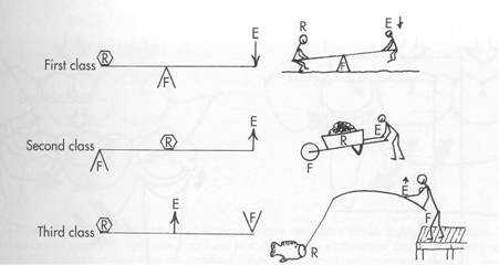 Fig. 4-4 There are three classes of levers. Classification is based on location of fulcrum, F; resistance, R; and direction of effort (force), E. Examples of each class are illustrated. |
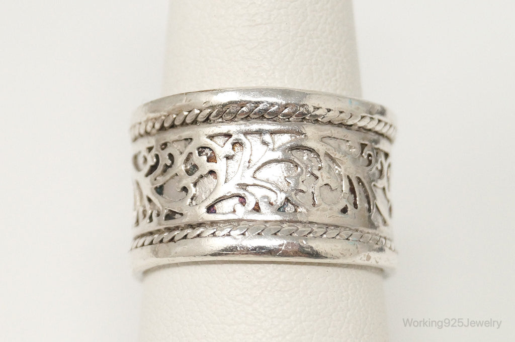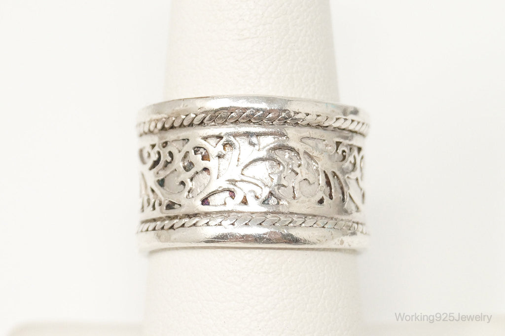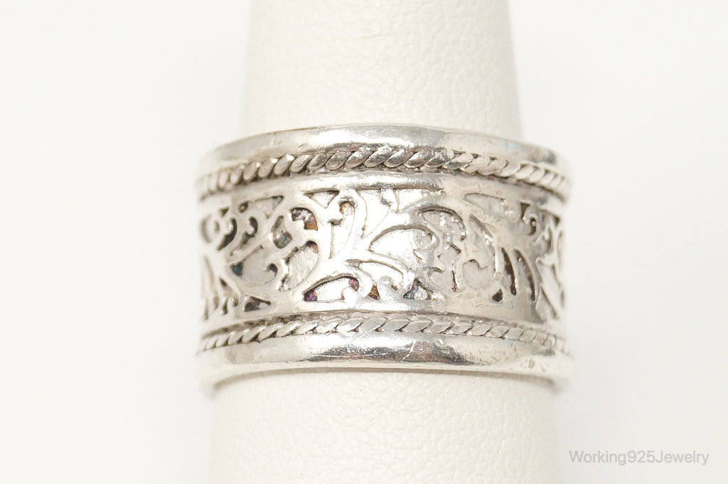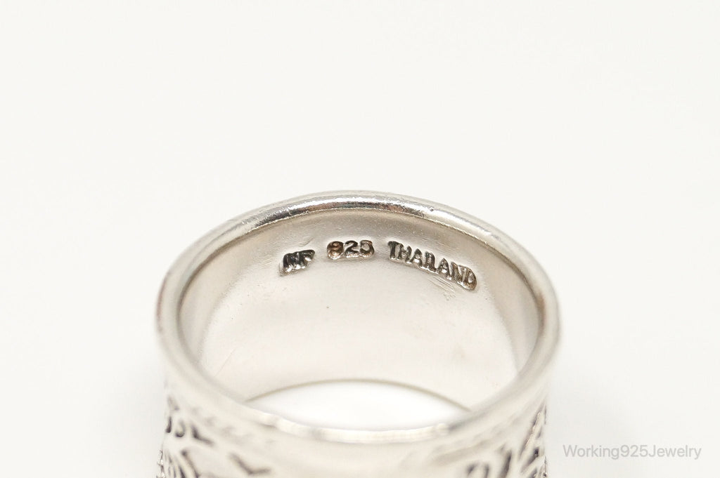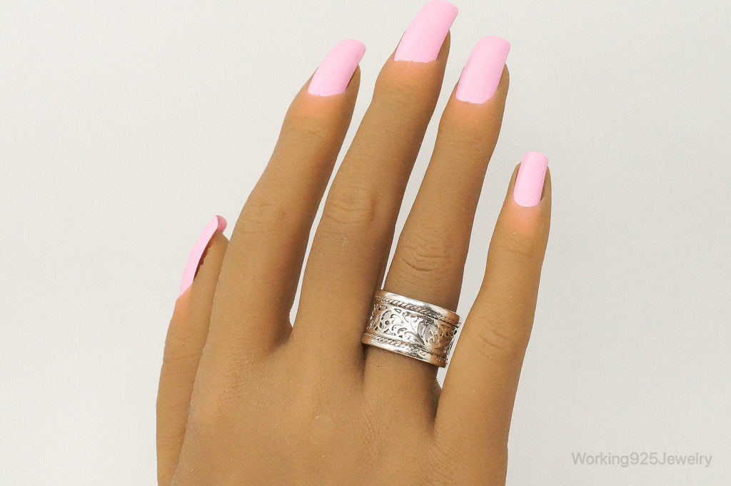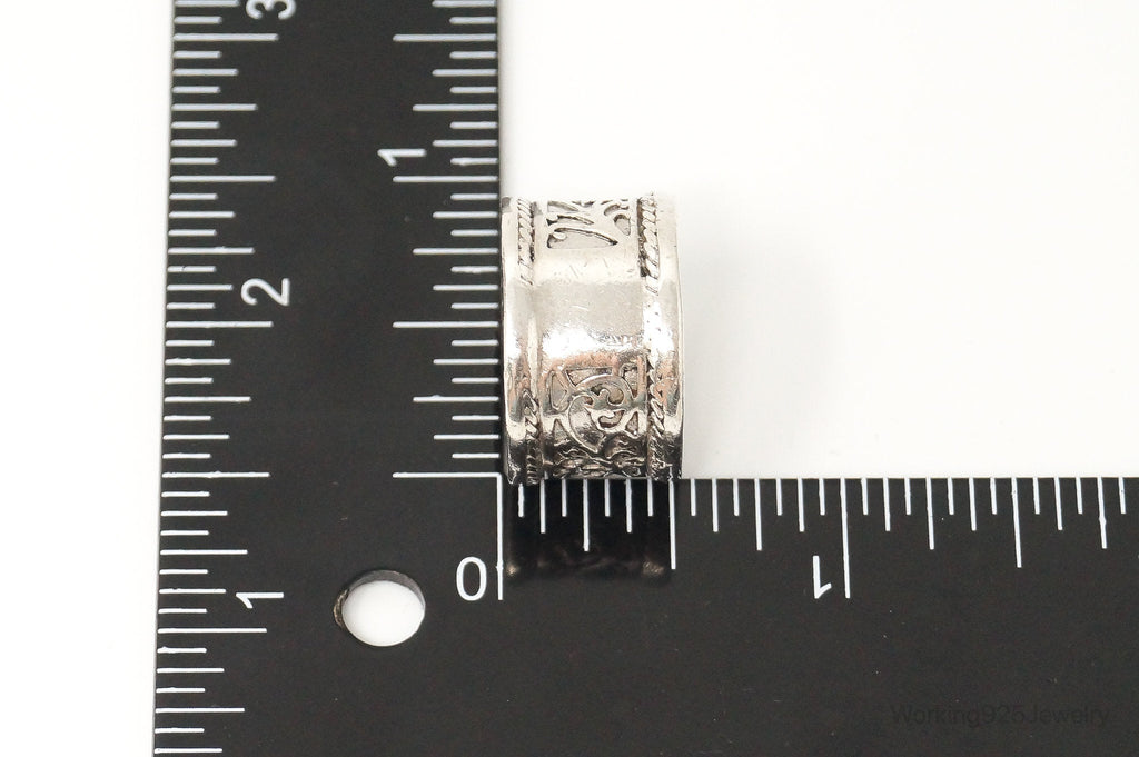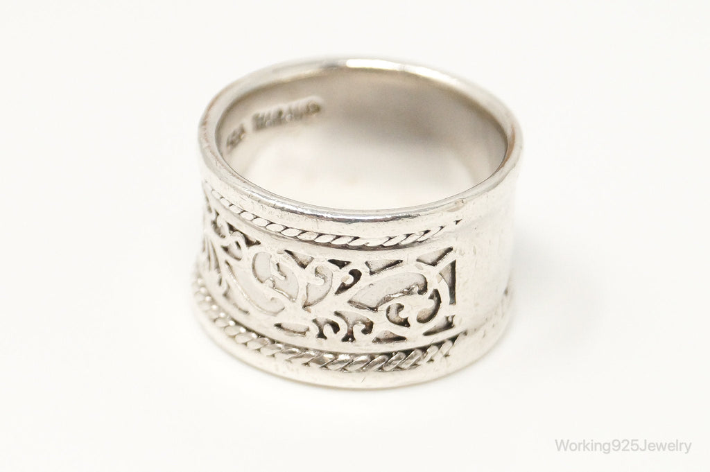 Ring Listings: It is sometimes difficult to determine how a ring will fit without being able to try it on. I always recommend taking your favorite ring to a local jeweler and comparing the way that it sits on a mandrel (ring sizer) with the pictures in the listings prior to purchase. Sometimes wide band rings fit a little differently and I always want my customers to be 100% happy with their purchases! Please let me know if I can help by offering more pictures for size comparison.
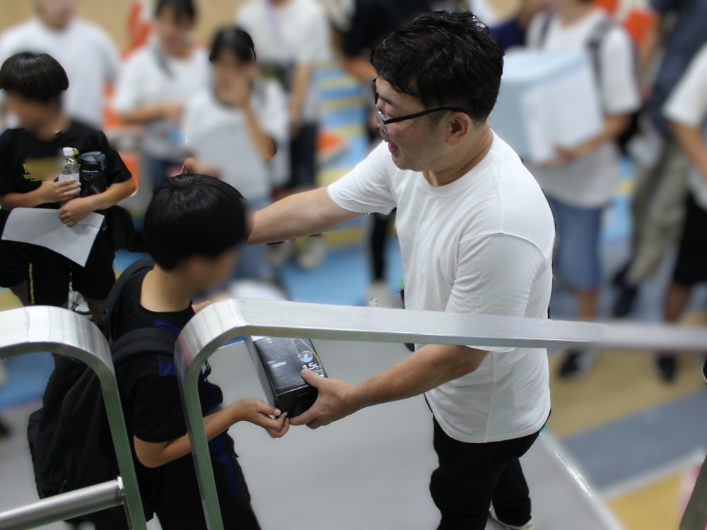 廣橋会長と青少年奉仕 岡委員長より「ロータリークラブ」とはどんな団体かを説明して、ボールの持ち方、ルールー説明後ゲーム開始!!
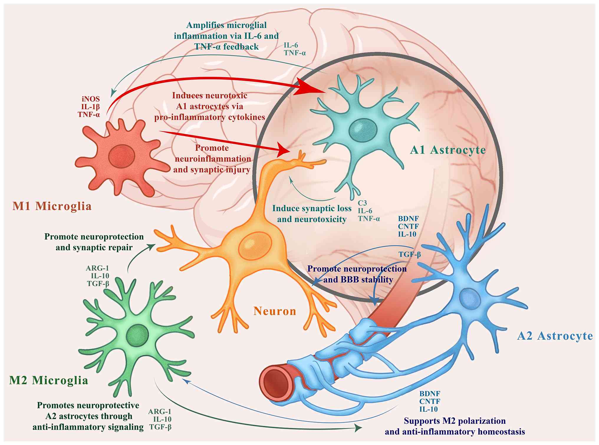 Neuroinflammation and aberrant immune regulation play pivotal roles in the pathogenesis of ASD, with the activation of microglia and astrocytes constituting a core cellular foundation of this neuroinflammatory process. Microglia and astrocytes exhibit distinct polarization states in the neuroinflammatory microenvironment of ASD, with M1/A1 subtypes promoting injury and M2/A2 subtypes supporting repair. The interplay of these brain cells is summarized below and illustrated in Fig. 1.
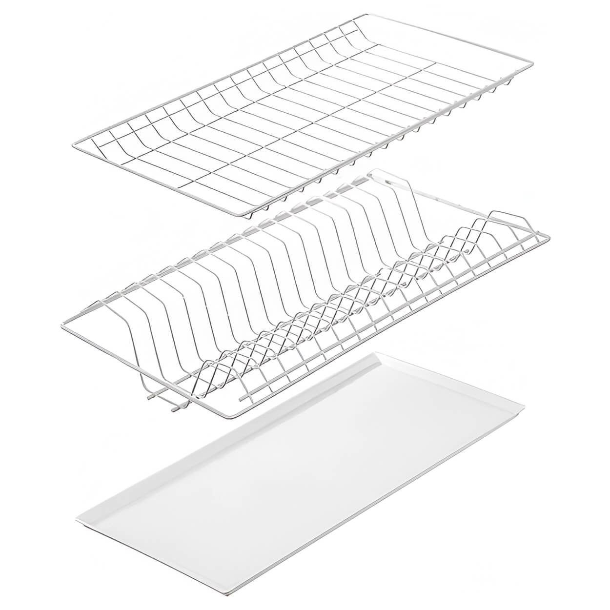 Универсальная и просторная сушилка для посуды из прочного металла белого цвета. Широкие перекладины позволяют быстро размещать и высушивать тарелки, кастрюли и крышки. Благодаря компактным размерам 90 см легко разместится в шкафу, освободив дополнительное пространство.
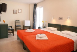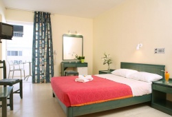 On the idyllic island of Crete, Evelyn Beach is situated on a sandy beach in a calm area of the popular town of Hersonissos. Excellent accommodation for families and couples, featuring 76 cozy twin and single rooms that provide a great starting point for exploring beautiful beaches and tranquil villages, as well as a variety of stores, restaurants, traditional taverns, exciting nightlife, and Hersonissos attractions. Rooms are pleasant with all the amenities needed for a comfortable stay.
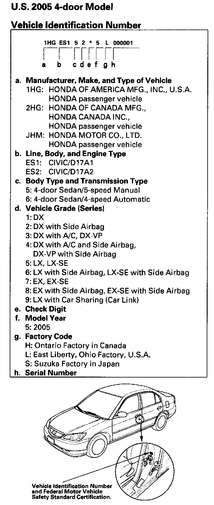 Vehicle Identification Number, U.S. 2005 4-door Model:
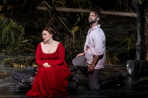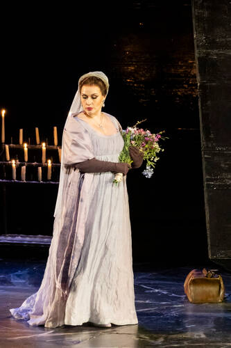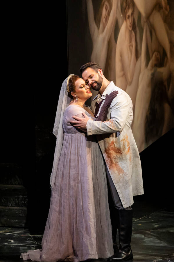 Nous avions déjà recensé la Floria de la cantatrice russe à l’été 2024. Nous nous réjouissions de la réentendre dans des conditions plus traditionnelles que celles qu’offre le plein air des Arènes de Vérone. C’est par une extrême douceur qu’Elena Stikhina conçoit son personnage et ce, dès son appel dans les coulisses : « Mario! Mario! Mario! ». Son irruption dans l’église Sant’Andrea della Valle se distingue ainsi par les enchaînements intelligents des harmoniques, tandis que l’affrontement avec le Scarpia d’Alexei Markov – en plus petite forme qu’en novembre – s’engage d’abord sur des tons émoussés pour s’épanouir ensuite dans le crescendo des aveux. Couronnant son air d’un lyrisme très intimiste, elle sait aisément monter vers la partie haute du registre sans donner de signes perceptibles d’effort. Lors des retrouvailles avec son amant, relevons la belle note prolongée qui darde comme un stylet, de manière à signifier le poignard ayant frappé son tortionnaire. Une belle entente s’établit alors avec son partenaire qui n’hésite pas à recourir au bon vieil expédient de lui serrer la main, bien que le chant partagé ne le justifie pas forcément. Dommage que dans l’épilogue on perçoive comme une légère hâte de conclure : « Com’è bello / il mio Mario! » est mal articulé, de même que le rendez-vous à l’adresse de Scarpia sonne savonné. En cela l’interprète n’est probablement pas aidée par la direction nerveuse d’Oksana Lyniv.

PROBLEM REQUIREMENTS: After removing the pictures, restate the whole listing above word for word.

THE ANSWER:
 Fig. 4-4 There are three classes of levers. Classification is based on location of fulcrum, F; resistance, R; and direction of effort (force), E. Examples of each class are illustrated. |
 Ring Listings: It is sometimes difficult to determine how a ring will fit without being able to try it on. I always recommend taking your favorite ring to a local jeweler and comparing the way that it sits on a mandrel (ring sizer) with the pictures in the listings prior to purchase. Sometimes wide band rings fit a little differently and I always want my customers to be 100% happy with their purchases! Please let me know if I can help by offering more pictures for size comparison.
 廣橋会長と青少年奉仕 岡委員長より「ロータリークラブ」とはどんな団体かを説明して、ボールの持ち方、ルールー説明後ゲーム開始!!
 Neuroinflammation and aberrant immune regulation play pivotal roles in the pathogenesis of ASD, with the activation of microglia and astrocytes constituting a core cellular foundation of this neuroinflammatory process. Microglia and astrocytes exhibit distinct polarization states in the neuroinflammatory microenvironment of ASD, with M1/A1 subtypes promoting injury and M2/A2 subtypes supporting repair. The interplay of these brain cells is summarized below and illustrated in Fig. 1.
 Универсальная и просторная сушилка для посуды из прочного металла белого цвета. Широкие перекладины позволяют быстро размещать и высушивать тарелки, кастрюли и крышки. Благодаря компактным размерам 90 см легко разместится в шкафу, освободив дополнительное пространство.
 On the idyllic island of Crete, Evelyn Beach is situated on a sandy beach in a calm area of the popular town of Hersonissos. Excellent accommodation for families and couples, featuring 76 cozy twin and single rooms that provide a great starting point for exploring beautiful beaches and tranquil villages, as well as a variety of stores, restaurants, traditional taverns, exciting nightlife, and Hersonissos attractions. Rooms are pleasant with all the amenities needed for a comfortable stay.
 Vehicle Identification Number, U.S. 2005 4-door Model:
 Nous avions déjà recensé la Floria de la cantatrice russe à l’été 2024. Nous nous réjouissions de la réentendre dans des conditions plus traditionnelles que celles qu’offre le plein air des Arènes de Vérone. C’est par une extrême douceur qu’Elena Stikhina conçoit son personnage et ce, dès son appel dans les coulisses : « Mario! Mario! Mario! ». Son irruption dans l’église Sant’Andrea della Valle se distingue ainsi par les enchaînements intelligents des harmoniques, tandis que l’affrontement avec le Scarpia d’Alexei Markov – en plus petite forme qu’en novembre – s’engage d’abord sur des tons émoussés pour s’épanouir ensuite dans le crescendo des aveux. Couronnant son air d’un lyrisme très intimiste, elle sait aisément monter vers la partie haute du registre sans donner de signes perceptibles d’effort. Lors des retrouvailles avec son amant, relevons la belle note prolongée qui darde comme un stylet, de manière à signifier le poignard ayant frappé son tortionnaire. Une belle entente s’établit alors avec son partenaire qui n’hésite pas à recourir au bon vieil expédient de lui serrer la main, bien que le chant partagé ne le justifie pas forcément. Dommage que dans l’épilogue on perçoive comme une légère hâte de conclure : « Com’è bello / il mio Mario! » est mal articulé, de même que le rendez-vous à l’adresse de Scarpia sonne savonné. En cela l’interprète n’est probablement pas aidée par la direction nerveuse d’Oksana Lyniv.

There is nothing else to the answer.